「ごめんください」
「エクレアンドーナァツ」とマジックインキで書かれた扉を開けようとしたとき、赤いベースボールキャップを深々とかぶったおじさんが顔を出した。
「はいはい。お客さんですね。なんでしょうか。」とおじさんはめんどくさそうに答えた。
「あの、手土産を買いにきたんですけど、まだやってますか?」と僕はおそるおそる尋ねた。
僕はこれからお金持ちのいとこのところにお金の工面をお願いに行く途中なのだ。
「手土産でしたらこのショーケースの中にございます。ただしこのショーケースはお客様の方からは見えないつくりになってあります。」
よくみるとそのショーケースはマジックインキで黒く塗りつぶされていた。どこから覗き込んでもただの黒い箱にすぎない。
「あの。僕は非常に急いでいるのでとにかく6つほど適当に詰めてもらえませんでしょうか?エクレアでもドーナッツでもかまいません」と僕は言った。
僕のいとこは冷たく冷えた洋菓子さえあればどんなお願いごとだって聞いてくれる人なのだ。
「あいにくですがお客様。当社ではお客様ご自身でお選びいただくシステムとなってあります」とおじさんは淡々と言った。
「選ぼうにもなにも見えないじゃないですか?」と僕は強い口調で言った。
「見えないというのは見えない位置にいるからですよ。見える位置に移動すればほしいものがきっとみつかります」ときっぱりとした口調でおじさんは言った。
そう言うとおじさんは僕の襟をひょいとつかんで、ショーケースの中に放り込んだ。
ショーケースの中はしっかり冷蔵されていて、ライトアップは見事なものだった。
オニツカタイガーのキャップが1個
オニツカタイガーのTシャツ数枚
オニツカタイガーのショートパンツ数枚
オニツカタイガーの靴下数枚
オニツカタイガーのリュックサック1個
宝りんご店の真っ赤なりんごが7個
消える蛍光ペンが1セットで12本
山椒の粉が5本
無農薬玄米が15キロ
「どうです?素敵でしょう。どうぞごゆっくりとお好きなものをお求めください」
「おじさん」と僕は呆れた声で言った。
「たしかにこれはすべて僕のほしかったものです。でも今は違うんです。エクレアやドーナッツのような見栄えのする手土産がほしいんです」
こんなところでもたもたしていてはいとこが待ちくたびれて仕事にでかけてしまう。早くどうにかしなければ。

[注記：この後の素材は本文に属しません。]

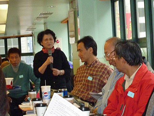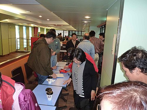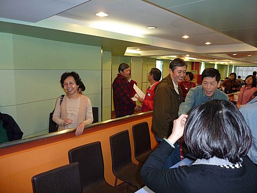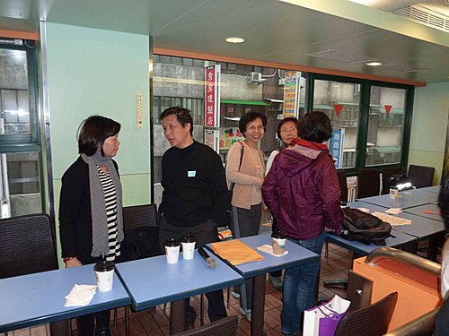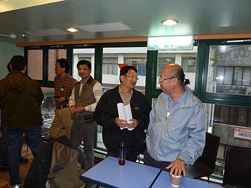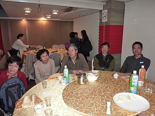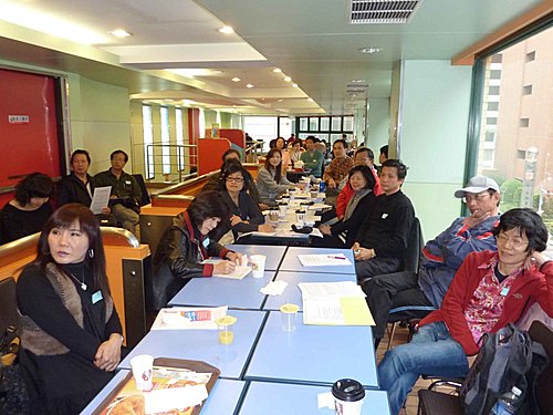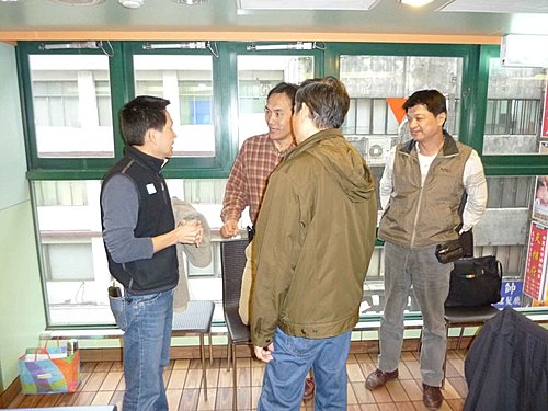 26日搭10:45太魯閣號北上,利用坐車時間再將資料看一遍.12:50到達台北,下車走到肯德基約13:20了.上樓和服務員確認場地後,點了一份餐先解決午餐,不久老邱.國.輝哥.傳夫婦也到了,老友重逢真是無限欣喜,簡單寒喧後,大家也很有默契的分頭佈置會場.

そのときちょうどクロネコヤマトの配達がきたので、おじさんは荷物の受け取りのためにどこかへいってしまった。
おじさんが帰ってくるのを待っているとひどく寒いし腹も空いてきた。
仕方なく僕はオニツカタイガーの帽子をかぶり、Tシャツとショートパンツと靴下を履いて、りんごに山椒をかけてたべてみた。
オニツカタイガーに身を包まれてりんごを食べていると、いとこのこともそれから先のこともすっかり気にならなくなってきた。
なぜだかわからないけれど、自然にそう思うようになっていたのだ。
僕はそこにあるすべてのものを真っ黒なオニツカタイガーのリュックにつめて帰ることにした。